Analysis: On April 22, 2025, the Department of Commerce initiated an investigation under Section 232 to determine the effects on the national security of the imports of medium-duty trucks, heavy-duty trucks, and medium- and heavy-duty truck parts.

  • The scope of the investigation covers “medium-duty trucks” (with a gross vehicle weight of more than 10,000 and under 26,001 pounds), “heavy-duty trucks” (with a gross vehicle weight rating of 26,001 pounds or more), and truck parts, including engines and engine parts, transmissions and powertrain parts, and electrical components.

  • Battery electric, hybrid, and hydrogen fuel cell vehicles and components could be impacted by the outcome of this investigation. Given that lithium ion batteries used in passenger EVs are subject to tariffs resulting from the 232 investigation into automobiles and auto parts, lithium ion batteries for larger commercial and heavy duty vehicles and battery components could be included in the scope of this investigation as well.

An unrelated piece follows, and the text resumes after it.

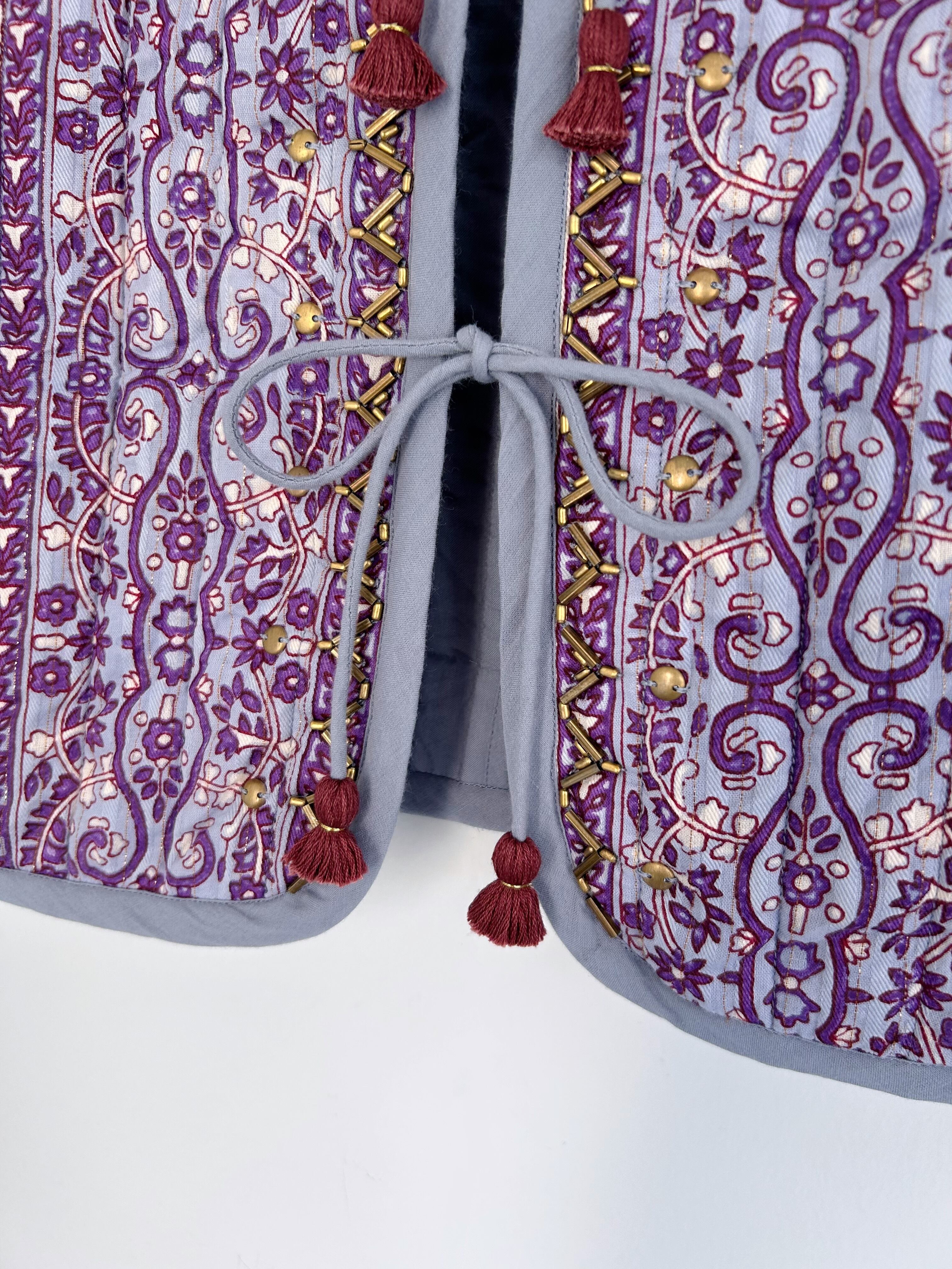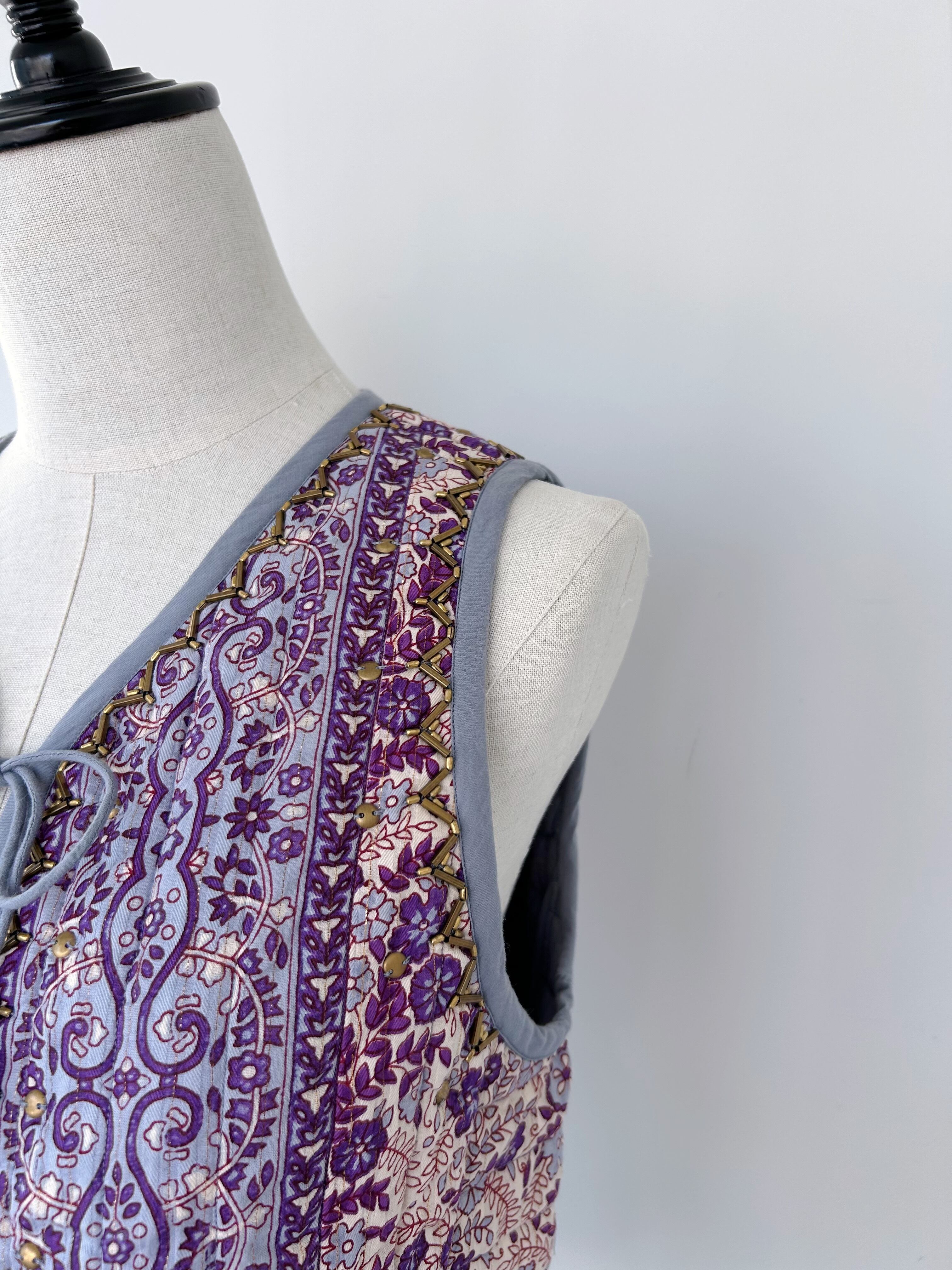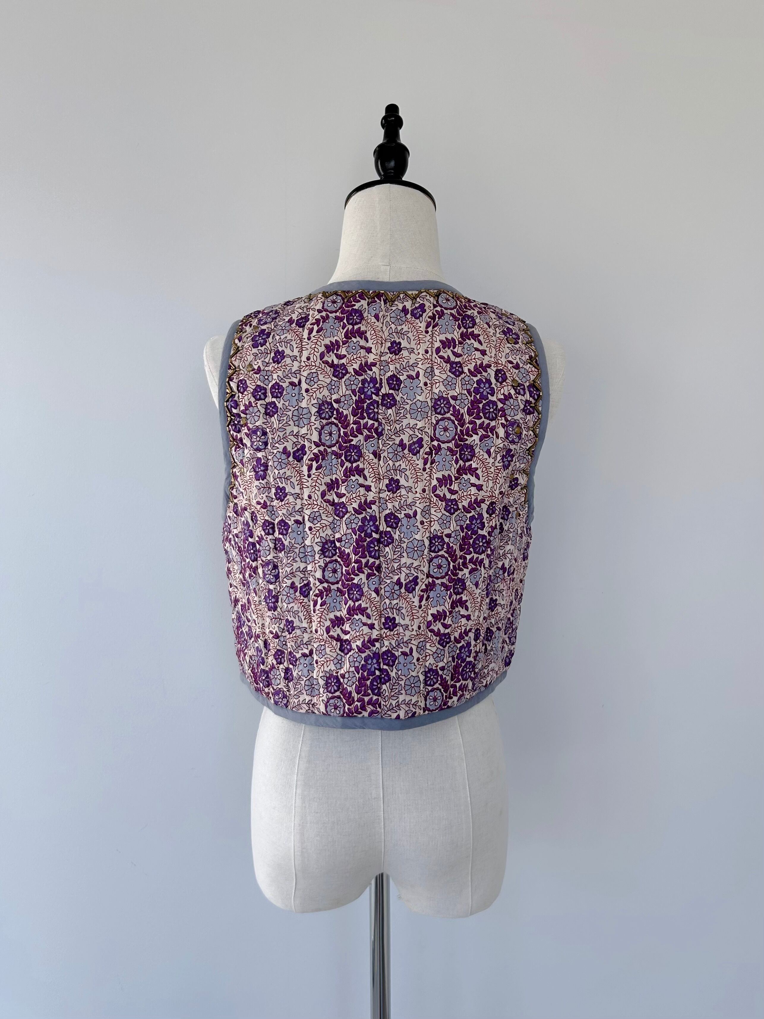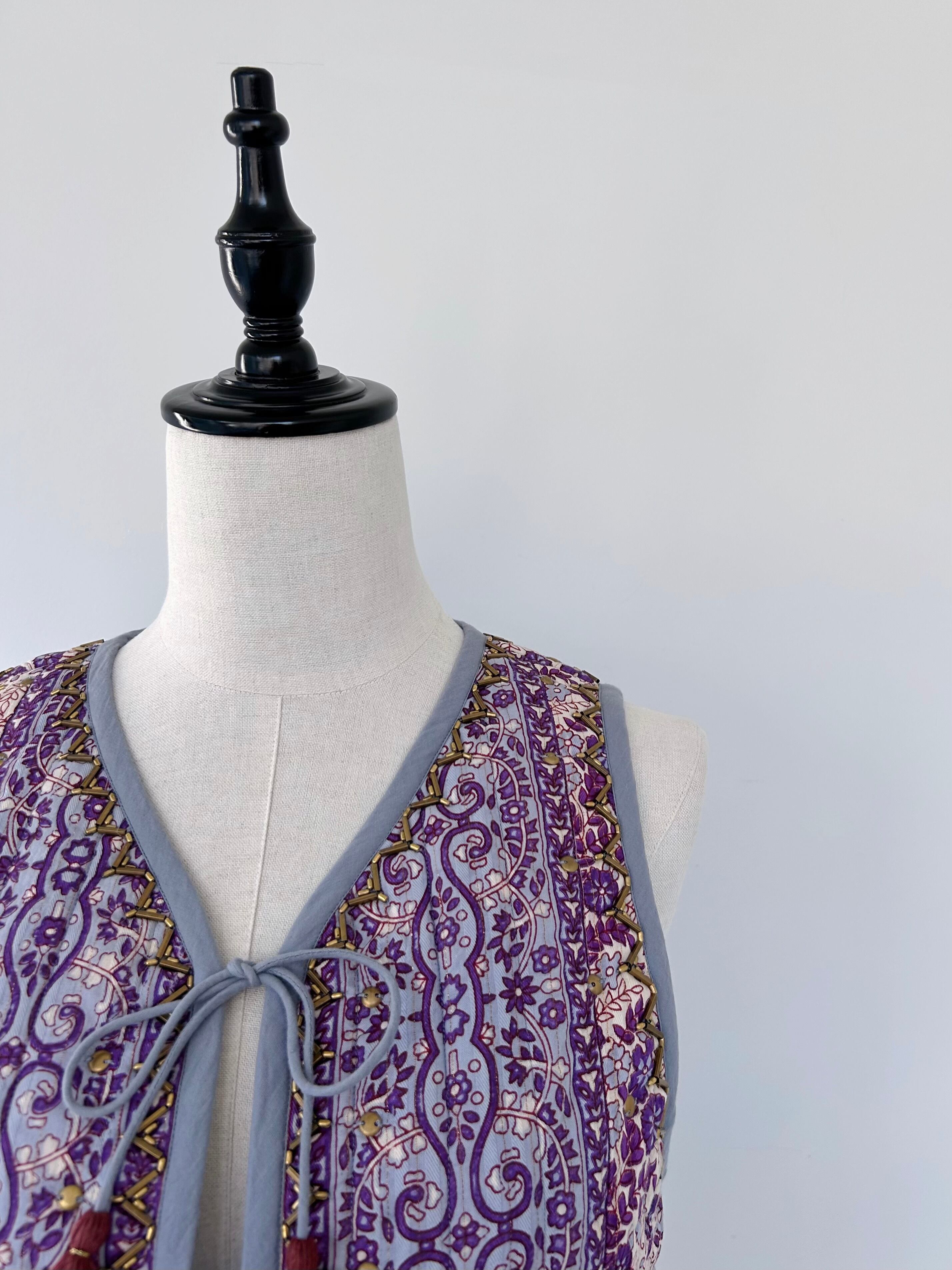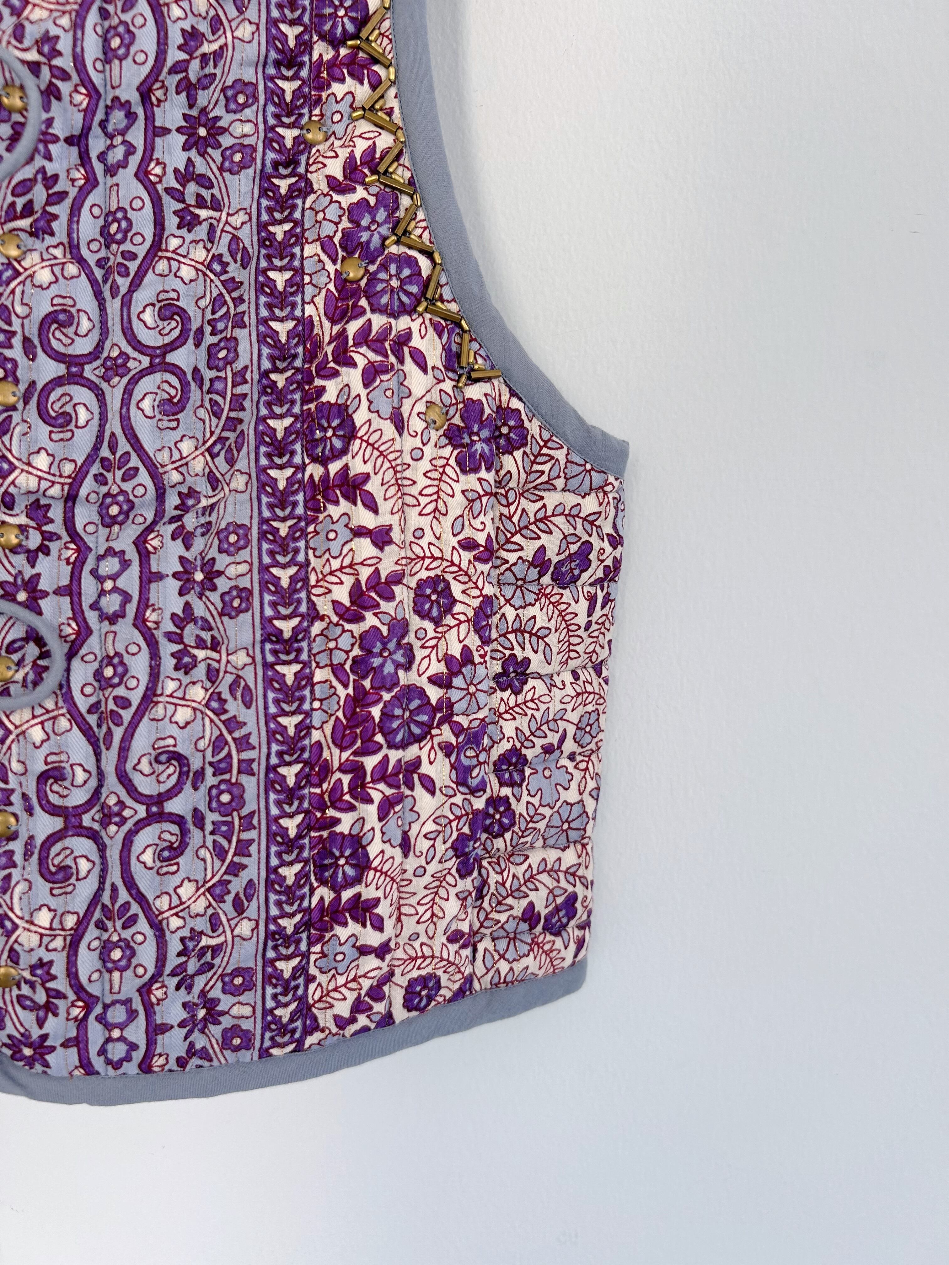 オリジナルモチーフをプリントしたテキスタイルにラメ糸がさりげなく光るキルティングベスト。

  • According to Global Market Insights, the global electric commercial vehicle market was valued at $72.3 billion in 2024 and is projected to grow to $235.7 billion by 2034, registering a 12.7% CAGR over that time. North America dominates the global electric commercial vehicle market with a share of around 36% and the United States leads the market in the region generating revenue of $26.2 billion in 2024. The last-mile delivery segment, which is largely comprised of medium-duty trucks, is projected to grow fastest at a CAGR of 15% over the next decade.


🇨🇳 Country and Sector: China Foundational Semiconductor Tariffs

📜 Legal Authority: Section 301

📆 Key Dates: Deadline for final action is around December 23 (action could be taken prior to that date).

📈Tariff Rate: TBD

Analysis: This investigation was launched in December 2024 at the tail end of the Biden Administration. According to a USTR statement: “Evidence indicates that China seeks to dominate domestic and global markets in the semiconductor industry and undertakes extensive anticompetitive and non-market means, including setting and pursuing market share targets, to achieve indigenization and self-sufficiency. China’s acts, policies, and practices appear to have and to threaten detrimental impacts on the United States and other economies, undermining the competitiveness of American industry and workers, critical U.S. supply chains, and U.S. economic security”.